Oh? Brother Meng, it is it again, the inverted index , and it is a very small detail, take notes.
For example, I also have a row of data id, name, age. In mysql, you have to shard according to id. If you want to support the query of name and age, in order to prevent read proliferation, you have to build a sharding table of name and a sharding table of age respectively.
And if you use es, it will shard with the id shard key inside it, and also build a name to id, and an age to id inverted index. Is this the same as what was done above.
Moreover, it is also very simple to connect mysql to es. We can
binloglog changes of mysql through open source tools, and then parse the data and write it to es, so that es can provide near real-time query capabilities.

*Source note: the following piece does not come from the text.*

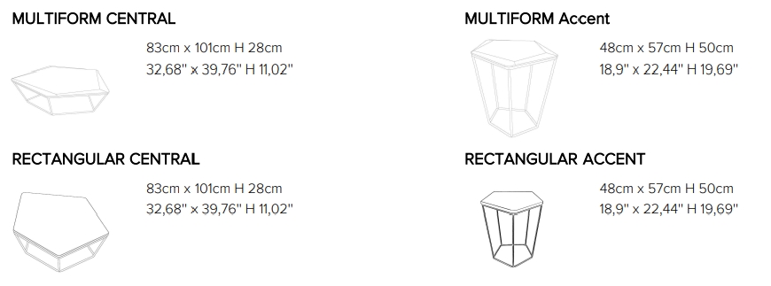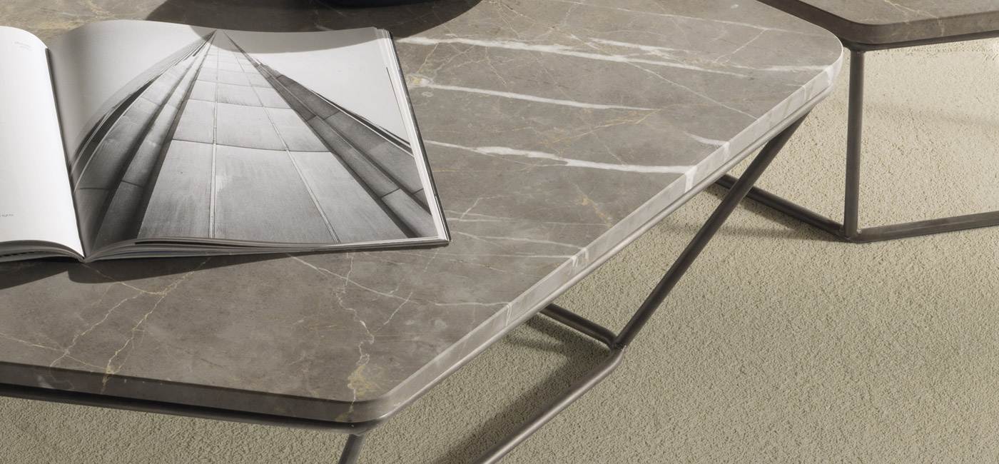 Chocolat 是以独特几何轮廓打造的现代茶几系列。石材和大理石等高档材质的使用,契合了内饰设计行业的最新潮流。可将几张茶几组合在一起,成为一张大桌子。所有的桌面均进行防水和防污渍处理。

Think es+mysql is still cumbersome? Is there any other more concise solution?
Don’t use mysql, use tidb instead , I believe everyone has heard of this name, this is a distributed database .
It shards data tables by introducing the concept of Range . For example, the id of the first sharded table is 02kw, and the id of the second sharded table is 2kw4kw.
Oh? Are you familiar with it, isn’t this the database table division based on the id range mentioned at the beginning of the article?
It supports ordinary indexes, and ordinary indexes are also fragmented, which is similar to the inverted index scheme mentioned above.
Another tiny detail.
And the syntax of [tidb] and mysql is almost the same, and there are many ready-made tools that can help you migrate data from mysql to tidb. So the development cost is not high.
- When the data in a single table is too large, the query performance of MySQL will deteriorate. Therefore, when the amount of data becomes huge, horizontal table partitioning needs to be considered.
- A shard key needs to be selected for a horizontal table, usually a primary key, and then the modulo is performed according to the id, or the table is divided according to the range of the id.
- After MySQL is divided into tables horizontally, there will be a problem of read diffusion for queries on non-sharding key fields. You can use ordinary index columns as the sharding key to create a new table, first check the new table to get the id, then go back to the original table and check it again. Once the original table. This is essentially a reference to the idea of inverted index.
- If you want to support more dimensional queries, you can monitor MySQL’s binlog, write data to es, and provide near real-time query capabilities.
- Of course, replacing mysql with tidb is also an idea. tidb is really a good thing. Many factories use it to change the skin and stick a label to make their own self-developed database . I highly recommend everyone to learn it.
- Don’t do premature optimization. If you don’t have anything to do, just divide it into 100 tables. In many cases, it is really useless.